The egg was in my gut, nursing its own deaths
in a delicate shell. I remember its round weight
persistently pressing; opening my bowel onto the deck
near a young sailor, the harsh sound my cry made then.
*
But when I loved, I thought that was all I had done.
It was very ordinary, an ordinary place, the river
filthy, and with no sunset to speak of. She spoke
in a local accent, laughing at mine, kissed
with her tongue. This changed me. Christ, sweetheart,
marry me, I’ll go mad. A dog barked. She ran off,
teasing, and back down the path came Happen you will . . .
Afterwards, because she asked, I told her my prospects,
branded her white neck. She promised herself
in exchange for a diamond ring. The sluggish water
shrugged past as we did it again. We whispered
false vows which would ruin our lives . . .
I cannot recall more pain. There were things one could buy
to please her, but she kept herself apart, spitefully
guarding the password. My body repelled her. Sweat.
Sinew. All that had to be hunched away in thin sheets.
We loathed in the same dull air till silver presents came,
our two hands clasping one knife to cut a stale cake. One day,
the letter. Surgery. When the treatment did not work,
she died. I cried over the wishbone body, wondering
what was familiar, watching myself from a long way off.

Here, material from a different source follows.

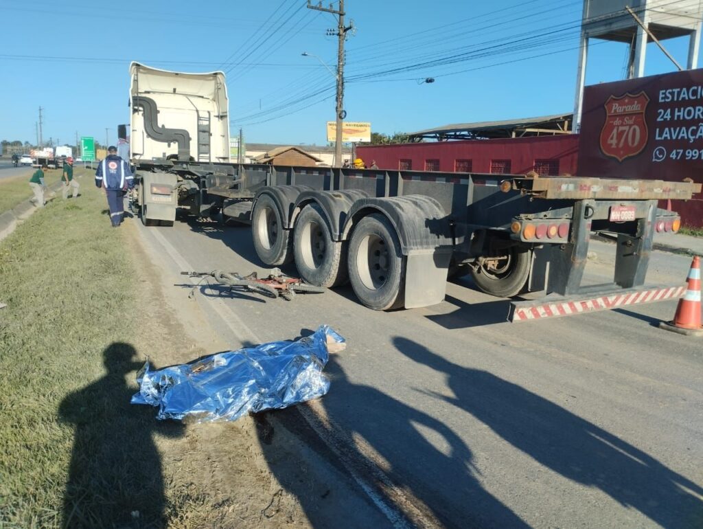 Um grave acidente de trânsito tirou a vida de um ciclista de 59 anos na tarde desta quinta-feira (31), em Navegantes. A ocorrência foi registrada por volta das 15h48, na marginal da BR-470, próximo ao bairro Machados, nas imediações do atacado Fort.

I carried the remains in an urn to the allotment,
trying to remember the feel of her, but it was years,
years, and what blew back in my face was grey ash, dust.
*
Now hushed voices say I have my mother’s look.
Once again, there is light. The same light. I talk
to myself in shapes, though something is constantly changing
the world, rearranging the face which stares at mine.
Most of the time I am hungry, sucking on dry air
till it gives in, turning milky and warm. Sleep
is dreamless, but when I awake I have more
to contemplate. They are trying to label me,
translate me into the right word. My small sounds
bring a bitter finger to my mouth, a taste
which cannot help or comfort me. I recall
and release in a sigh the journey here . . .
The man and woman are different colours and I
am both of them. These strangers own me,
pass me between them chanting my new name. They wrap
and unwrap me, a surprise they want to have again,
mouthing their tickly love to my smooth, dark flesh.